I hit the answer button before I even think to worry about how I look right now.
~
“Blaine, you look horrible!” I shout, shocked at the image of the broken boy before me. He’s obviously been boxing recently. His skin is glistening from sweat and he’s not even wearing a shirt. His eyes are bright red, like they are after he’s been crying...
He smiles sadly and pushes his sweaty hair off his forehead. “I’m fine, sweetheart,” he says reassuringly. “How are you?” His voice is rough, but I pretend I don’t notice for the moment.
“I’ve been better,” I reply. I smile and add “Better now that I’m seeing you.”
“I wish I could be there with you, baby,” he says. He looks so unbelievably lonely. My heart aches seeing him so shattered. I just want to pull him into my arms and stoke his hair. Tell him he’s not alone and we’ll never have to be apart again. I have to settle with stroking his face with my fingertip through the computer screen.
“I wish that too, Blaine,” I sigh.
“57 days, 6 hours, and 32 minutes,” he states.
“What?” I ask, cocking my head in confusion.
“That’s how long it’s been since I last saw you.” He looks me over through the screen. “I mean since I really saw you.”

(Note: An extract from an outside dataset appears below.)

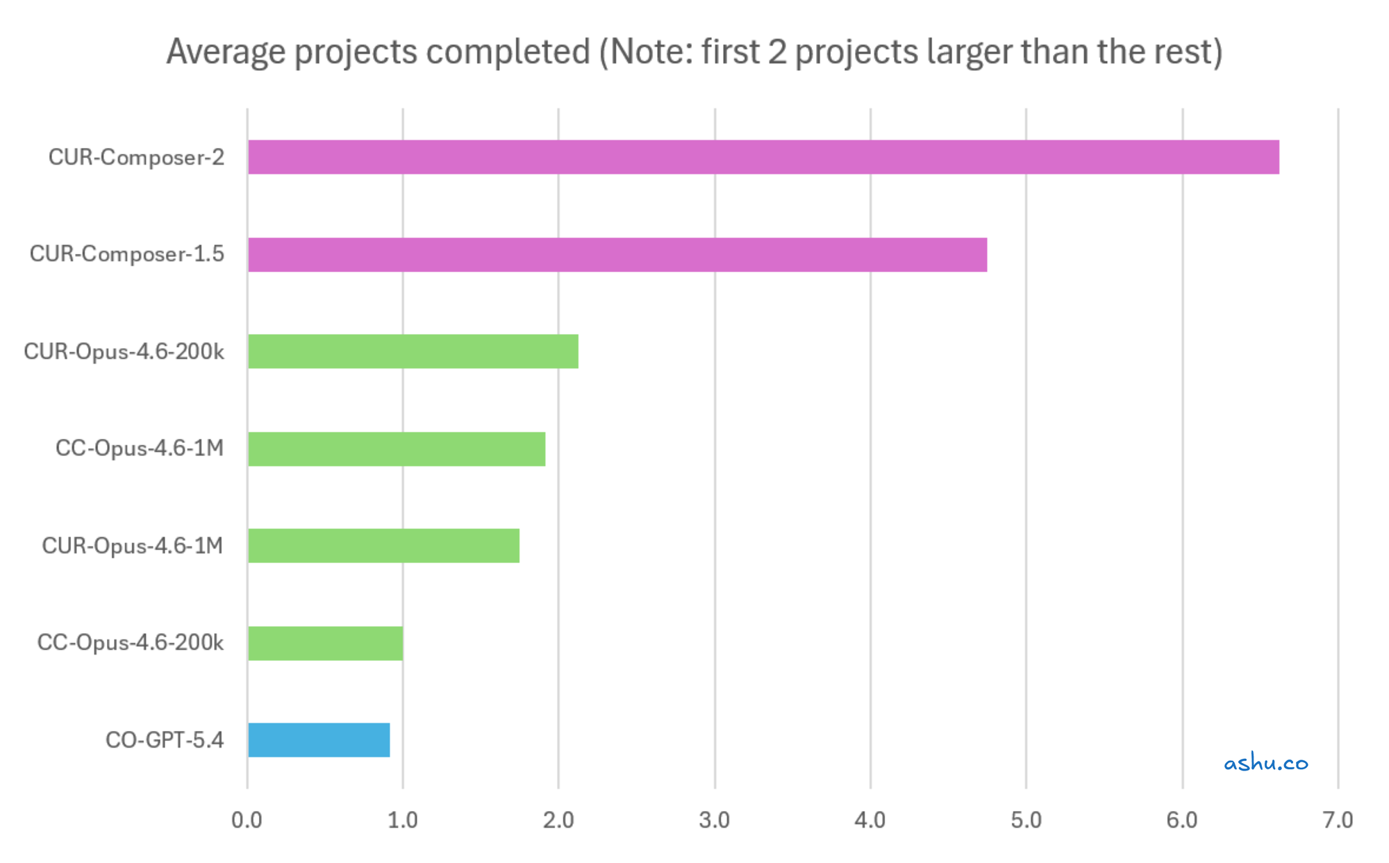 In all charts, the Composer models were at least 2x faster than the other models. Since it finished the first 2 larger projects, it was able to race ahead to do all the small projects at the end. On the other hand, this made the other models seem like they did less. But if you have a mix of small/large projects, Composer's lead may pull it ahead.

I sigh again. “Blaine, honey, you’re going to drive yourself crazy with that attitude.” He looks at me confusedly. “Don’t worry about how long it’s been. Do you know how long until we see each other again?” He looks down at his lap, a movement I take to mean that he doesn’t know. “14 days, 7 hours, and 28 minutes.” His head perks up and his eyes suddenly shine with hope. He almost smiles.

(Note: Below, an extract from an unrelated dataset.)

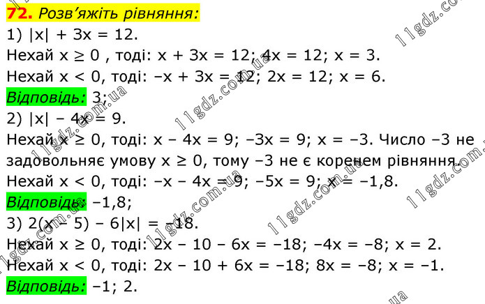 Розв’яжіть рівняння: 1) |х| + Зх = 12. Нехай х ≥ 0 , тоді: х + Зх = 12; 4х = 12; х = 3. Нехай х < 0, тоді: –х + Зх = 12; 2х = 12; х = 6. Відповідь: 3; 2) |х| – 4х = 9. Нехай х ≥ 0, тоді: х – 4х = 9; –Зх = 9; х = –3. Число –3 не задовольняє умову х ≥ 0, тому –3 не є коренем рівняння. Нехай х < 0, тоді: –х – 4х = 9; –5х = 9; х = –1,8. Відповідь: –1,8; 3) 2(х – 5) – 6|х| = –18. Нехай х ≥ 0, тоді: 2х – 10 – 6х = –18; –4х = –8; х = 2. Нехай х < 0, тоді: 2х – 10 + 6х = –18; 8х = –8; х = –1. Відповідь: –1; 2.

“That soon?” I nod, laughing at how he didn’t even seem to notice it was that close to spring break. “14 days until I can hold you again... It still seems too long.”
“Time will fly by, you’ll see,” I assure him. I look him over again, seeing a tiny ray of hope coming from him now. The last string has not been broken. “I love you so much.”
“I love you, too, Kurt.” He lifts three fingers to his lips and holds them out to me. I copy his movements, smiling. We’ve been doing this ever since we read The Hunger Games together last summer before I left for New York.
I gasp when I notice his hand.
~
“Blaine, your hand!” Kurt gasps, worry apparent on his face. “What have you done to yourself?”
I quickly hide my hand under the table again, silently reprimanding myself for not being more careful so he wouldn’t see. I don’t want him to worry. I don’t say anything, hanging my head and staring down at my palms resting upward on my lap. I hear Kurt sigh again through the computer. He’s been sighing too frequently lately, and I feel bad that now he’s sighing because of me.
“You should go take care of those,” he says. I nod and get up from the desk, disappearing from the webcams view as I head into the bathroom.
I hiss as I slowly unroll the tape from around my bloody knuckles. I quickly wash my hands and bandage them, not wanting Kurt to have to wait long. I take an extra moment to wipe the sweat off my face and throw on an old t-shirt before heading back to my desk and the beautiful boy waiting patiently for me on the screen.
It’s only 2 weeks more. I can do this.